2024-12-10
9 分钟This is the indicator from Planet Money.
I'm Weyland Wong.
And I'm Darien woods.
Back in 2013, the Government of Mozambique said it was going fishing for tuna.
Mozambique is in Southeast Africa and borders the Indian Ocean, which has a lot of tuna.
The Mozambique government set up a new fishing company.
This company borrowed $850 million from international investors and it spent some of that money on a fleet of 24 new fishing boats.
But those boats never really got used.
It turns out that the government wasn't all that interested in building up its tuna fishing industry.
What some state officials were actually interested in was taking out loans and not telling anyone about it.
Yeah, around the same time, the government secretly borrowed over $1 billion through the same investment banks.
When this debt was uncovered a few years later, it caused a huge scandal involving bribery and kickbacks and the economy tipped into crisis.
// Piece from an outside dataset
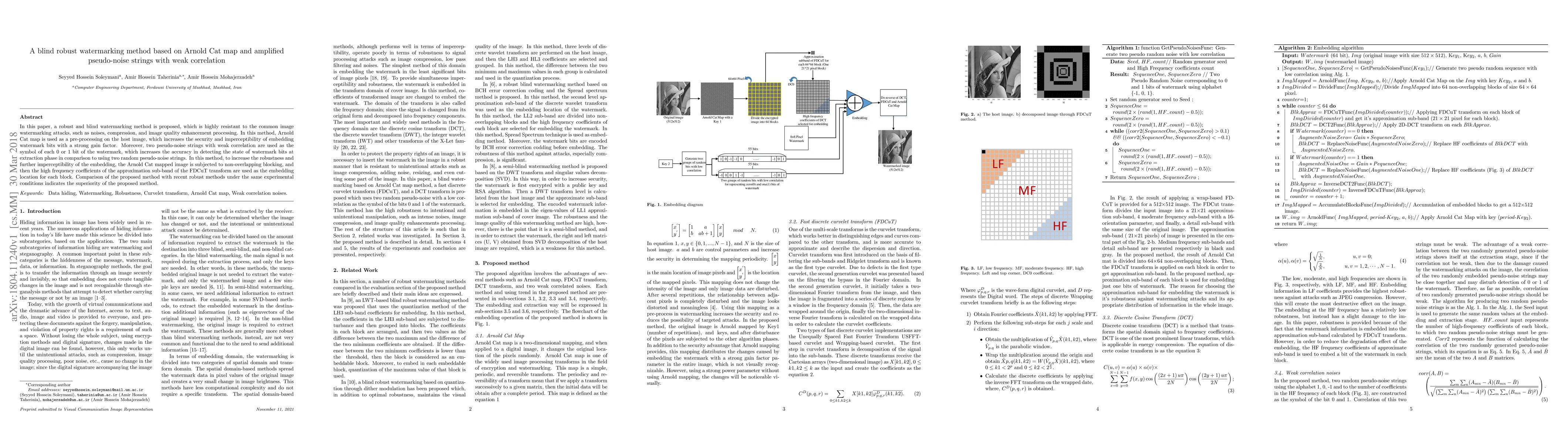 This paper proposes a robust and blind watermarking method using Arnold Cat map and amplified pseudo-noise strings for enhanced security and imperceptibility. The method demonstrates superior robustness against common attacks compared to recent methods, utilizing FDCuT transform for precise watermark extraction.

It's a financial scandal that crashed Mozambique's economy.
Here's news outlet Al Jazeera reporting on the fallout in 2022.
It's become known as the hidden debt scandal and is one of the biggest corruption cases on the African continent this century.
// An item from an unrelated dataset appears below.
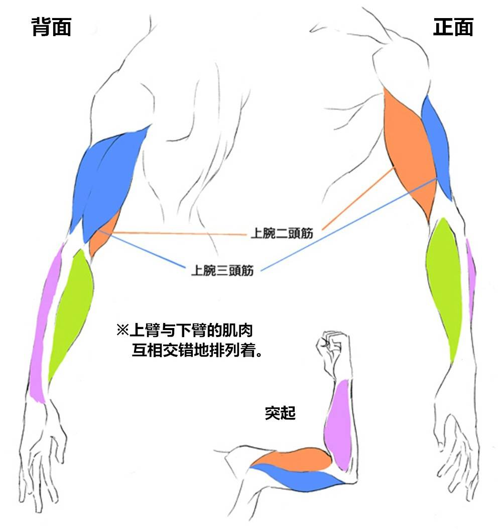大家可以看到背面和正面的肌肉,有上腕二頭筋和上腕三頭筋。上臂与下臂的肌肉互相交错地排列着。把手向上收起来时,手臂的肌肉会突起。

A court in Mozambique, it was also.
Known as the tuna bond scandal and it's a high profile example of a government surreptitiously borrowing money.
But new research shows that hidden debt is a widespread problem.
Today on the show, the economists behind this research shine a light on this practice.
They tell us where the money comes from and how secret borrowing can make life worse for ordinary people.